Research is political, contextual and often problematic. According to Maori researcher Linda Tuhiwai Smith, ‘…“research” is probably one of the dirtiest words in the Indigenous world’s vocabulary’. She adds: ‘The ways in which scientific research is implicated in the worst excesses of colonialism remains a powerful remembered history for many of the world’s colonised peoples.’ 1
International development has, at various points in its history, been accused of being a new form of colonialism; one that imports its own ‘world-ordering’ knowledge, created within a ‘Western’ social, political and economic context and exported around the developing world2.
Hobart has also argued that the growth in this internationally recognised, world-ordering knowledge has created an equivalent growth in the possibility of ignorance among ‘non-experts’ in developing countries. People become considered (or considered themselves to be) ignorant of knowledge or skills or systems or models that they previously had not known existed, or had not considered to be in any way relevant to their daily lives.
As researchers, it is easy to become complicit with a hierarchy of knowledge in which one’s own expertise is rated as more important than that of the people engaged in research. That’s why we here at the Institute have developed a Research Position Paper, which reflects on our own practice and sets some principles in place.
The paper, available here, sets out:
- The Institute’s focus;
- Our (brief) understanding of how progressive social change is most likely to occur;
- The overarching research questions that guide all of our work;
- Our research principles (informed by the Guidelines for Ethical Research in Australian Indigenous Studies, the Guidelines for Ethical Conduct in Aboriginal and Torres Strait Islander Health Research , and Guidelines on Ethical Conduct of Evaluation and Code of Ethics produced by the Australian Evaluation Society); and
- The effect of all of the above on our research in practice.
No doubt there may be times when we fail to achieve our own desired standards.

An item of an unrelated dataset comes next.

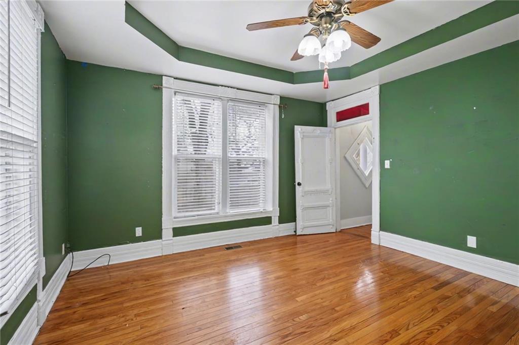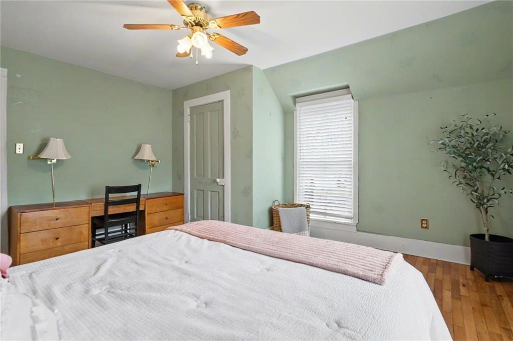 Step into this charming 1900's-built home with timeless character and thoughtful updates, including 4 spacious bedrooms and 2 bathrooms, located on a large corner lot. This home features original hardwood flooring and interior doors, along with beautiful trim details, tall ceilings, and large windows allowing for natural light throughout. The primary bedroom, full bath, and laundry/mud room are conveniently located on the main level, with an additional 3 spacious bedrooms and full bath, complete with beautiful claw foot tub, on the 2nd level. The kitchen has ample cabinets, gas range, some stainless-steel appliances, kitchen island, a detailed opening with bar stools and views into the dining room, perfect for entertaining. The large dining room has a beautiful bay window complete with cozy seating overlooking the backyard retreat. The large laundry/mud room with built-in ironing board, has additional cabinetry, space for a possible pantry, and an area perfect for crafting or a home office. Enjoy relaxing on the covered front porch sipping your morning coffee, or entertaining in the large backyard surrounded by a privacy fence, mature trees, the sounds of nature, and with space perfect for play, gardening, or outdoor gatherings. Let’s not forget the large shed for hobbies or storage, and the side carport for covered parking and additional outdoor storage. Located with easy access to Hwy 59 and Hwy 56 allowing for a short commute to Lawrence, Ottawa, KC and surrounding. AC 2 years old/Furnace approx 6 years old. PRICED under county appraised value, this adorable home is move-in ready and the perfect opportunity to bring your own personal touches.
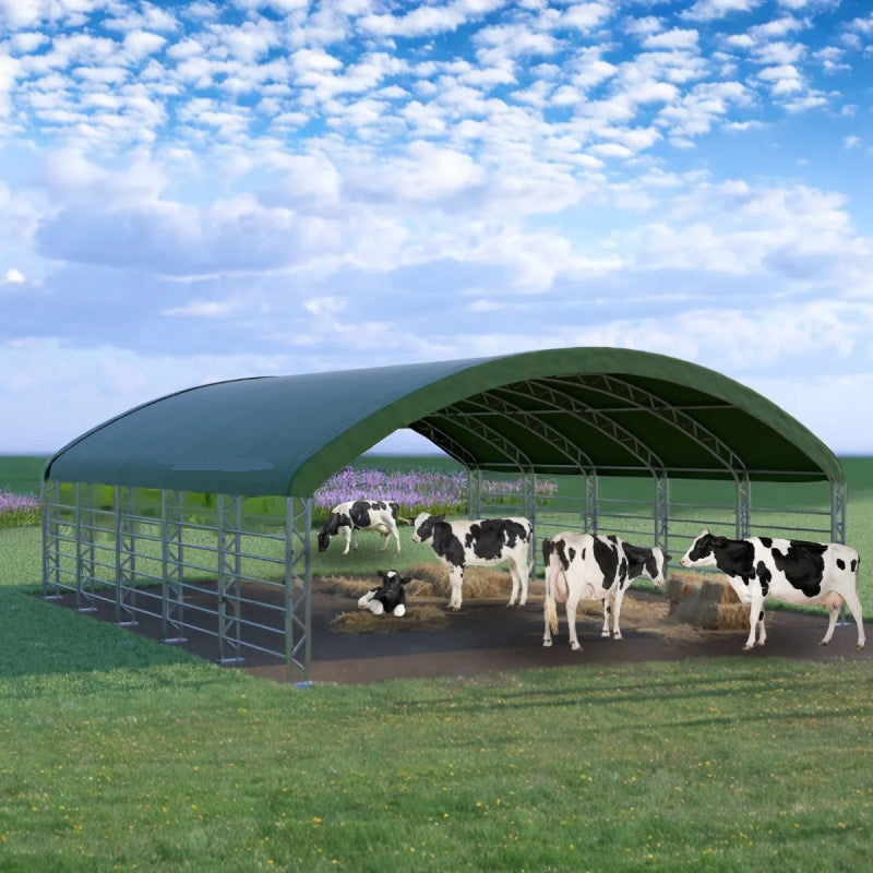 Dzīvnieku audzēšana ir prasīga nodarbošanās, tāpēc, lai nodrošinātu dzīvniekiem labākos apstākļus, esam izveidojuši ganību nojumi. Tā piedāvā ērtu piekļuvi, optimālu ventilāciju un ātru montāžu, kā arī ir efektīva pajumte no lietus un saules. Ganību nojume ir ideāla vieta dzīvnieku barošanai un dzirdināšanai. Zem jumta novietotā barība saglabājas sausa un ēdama daudzas dienas.

But we hope that by developing such a document (and ensuring it is made publically available) we are a) continually reminded to reflect on what we do and how we do it, and b) that we can be held to account, if we do not reach these standards.
Thoughts and reflections on the Position Paper are welcome!
1Tuhiwai Smith, L. ([1998] 2008). Decolonizing Methodologies: Research and Indigenous Peoples. Zed Books and University of Otago Press, London, New York and Dunedin.
2Hobart M. (1993) Introduction: the growth of ignorance? In: Hobart M (ed) An Anthropological Critique of Development: The Growth of Ignorance. London; New York: Routledge.